Jesus, poor Asama. Poor Amber. Poor Ruth.
Poor PomperaFirpa.
Hahahahaha
Nice form on that kick. And how did Ruth do that without the chair flattening Amber?
Not to be picayune, but Ruth is left-handed, so this right-footed kick is noticeable.
Sorry, Roborat, my post was supposed to be at the bottom, not a reply.
But, yes, it’s not easy to kick something that substantial without hurting a toe.
Dan Carter probably the greatest 1st five to ever play rugby was right handed but kicked with his left foot and Sir Richard Hadlee, one of the greatest bowlers to ever play cricket bowled right arm but batted left handed
That chair went up in an arc.
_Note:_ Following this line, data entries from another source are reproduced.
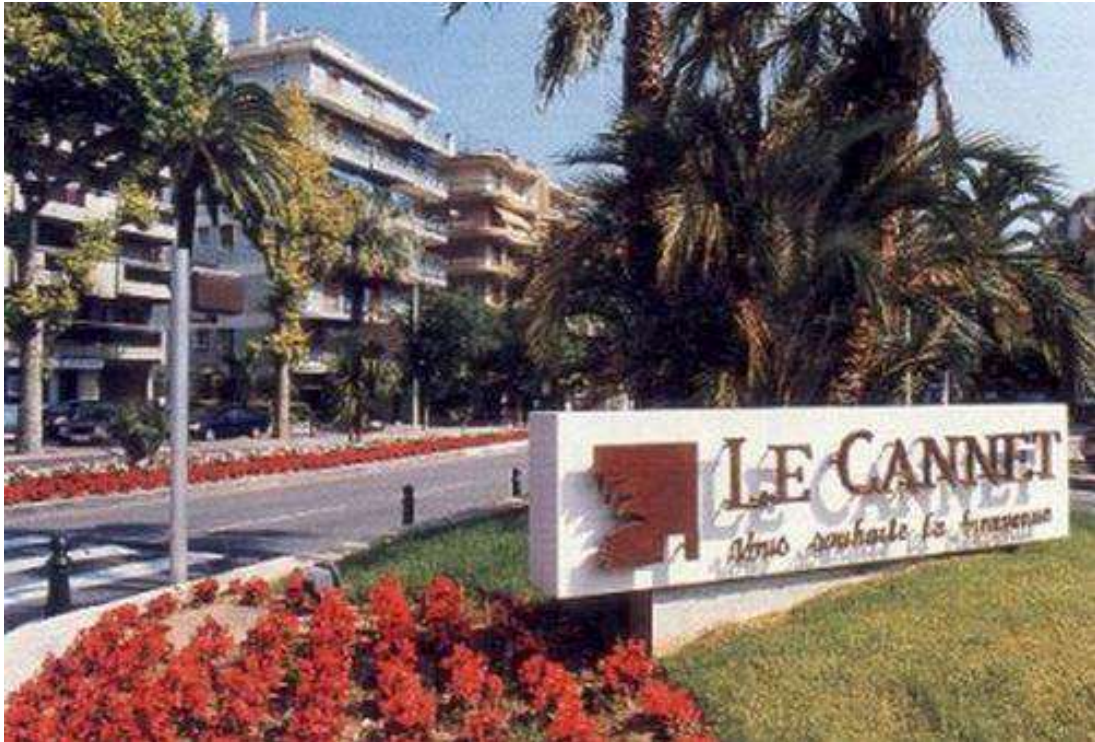
La ville de Cannet qui a accueilli ce 1er trophée national corporatif

Le 1er Championnat de France corporatif Triplette , en 1978 à Cannet (06), aura été en fait le 1er Trophée National corporatif (jusqu'à sa 3ème édition en 1980).
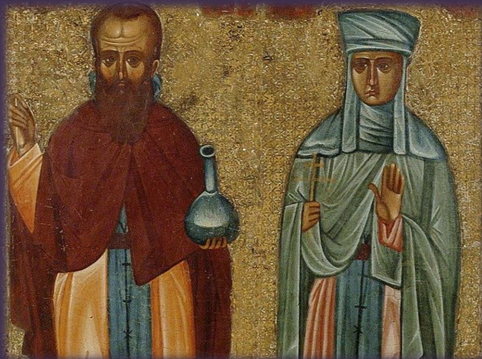
Андроник и Афанасия

Интересно, что чем-то похожую историю мы находим в древности – в судьбе ремесленника Андроника и его жены Афанасии, живших в V веке в Антиохии. Заработанные своим трудом деньги супруги делили на три части: одну отдавали в церковь, другую – бедным, третью оставляли себе. Рубежом их жизни стала смерть обоих их детей. Пережив это горе, муж и жена решили целиком посвятить себя служению Богу и ближним и через некоторое время отправились в Александрию, чтобы разойтись по монастырям: Андроник ушел в скит, а Афанасия – в женский Тавеннисиотский монастырь.
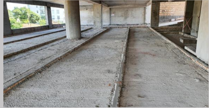
Colocación de las fajas
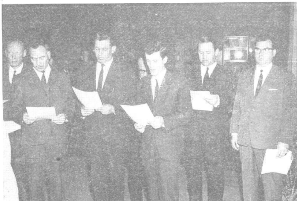
Svečana zaprisega novoizvoljenih odbornikov

Kakor smo izvedeli, bodo vsa društva prijateljev mladine uvedla s 1. junijem uradne dneve, v katerih bodo starši dobili pojasnila o letovanju, vplačilu, odhodih otrok itd.
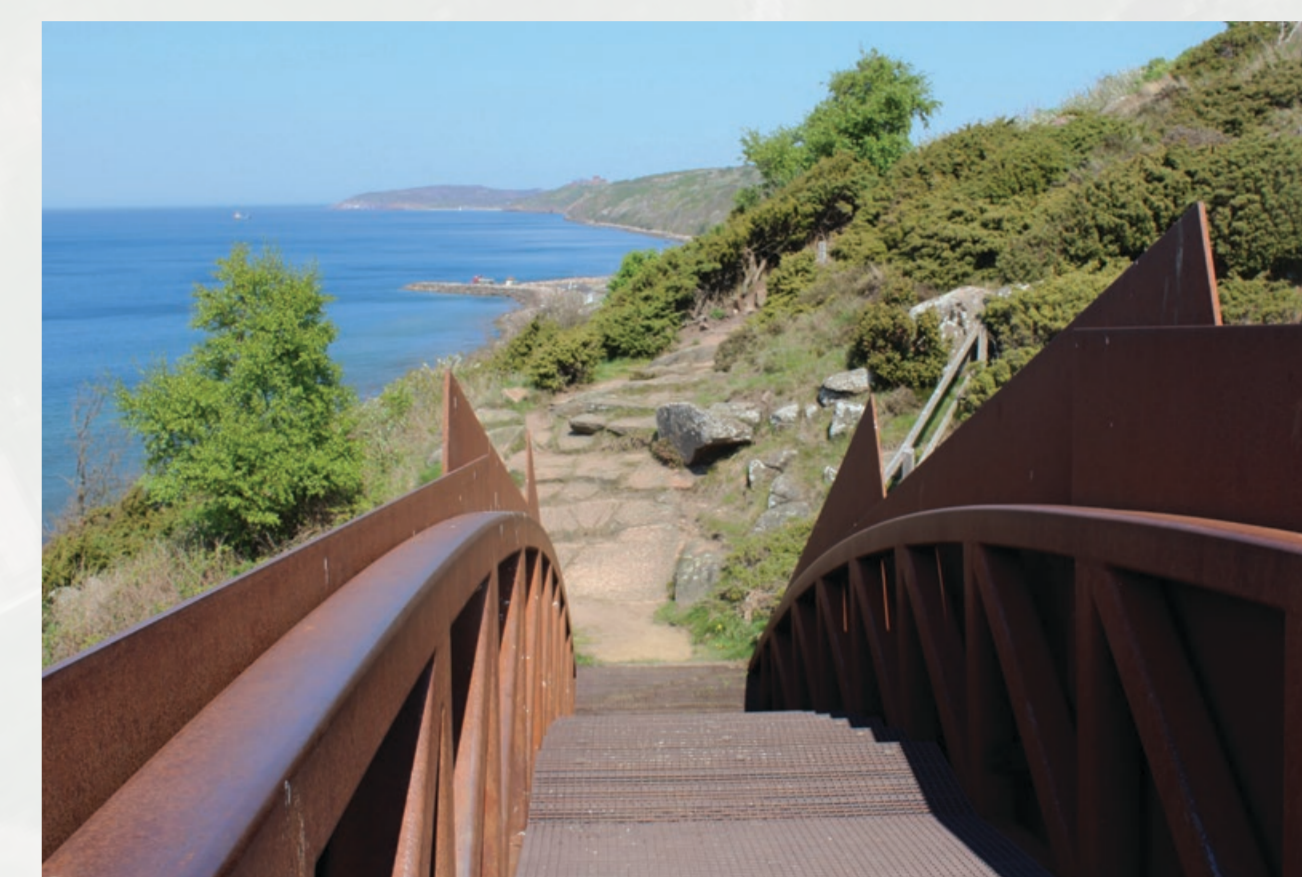
Broen der forbinder kyststien over kløften er skabt af kunstneren Peter Bonnén i 2001/2002.

The bridge connecting the coastal path over the ravine was designed by artist Peter Bonnén in 2001–2002.

Must have just cleared her head, happening too fast for her to even twitch.
Well, I think most of Amber was tucked into the other chair, so it only needed to clear her knees.
And even if it was only kicked hard enough to pivot on the far arm, it would clear her nicely.
It looks to me like Amber is sitting pretty far forward; she clearly occludes the arm of the remaining chair.
And yes, if it were only kicked hard enough to pivot, that pivot would clear Amber. But it was kicked hard enough to lift it entirely off the ground, and put it in a flat spin (note the chair’s legs). I don’t see it tumbling sideways the way you’re picturing.
It does look to me like it should have hit Amber on the way up.
My prediction:
Hall meeting > Ruth breaks down and apologizes to everyone > Mary uses this as an excuse to attack > Ruth almost hits her but instead tells her off.
> Billie hits her.
“Oh. Um. Hey, Amber. Did ya hear they let me come back as RA?”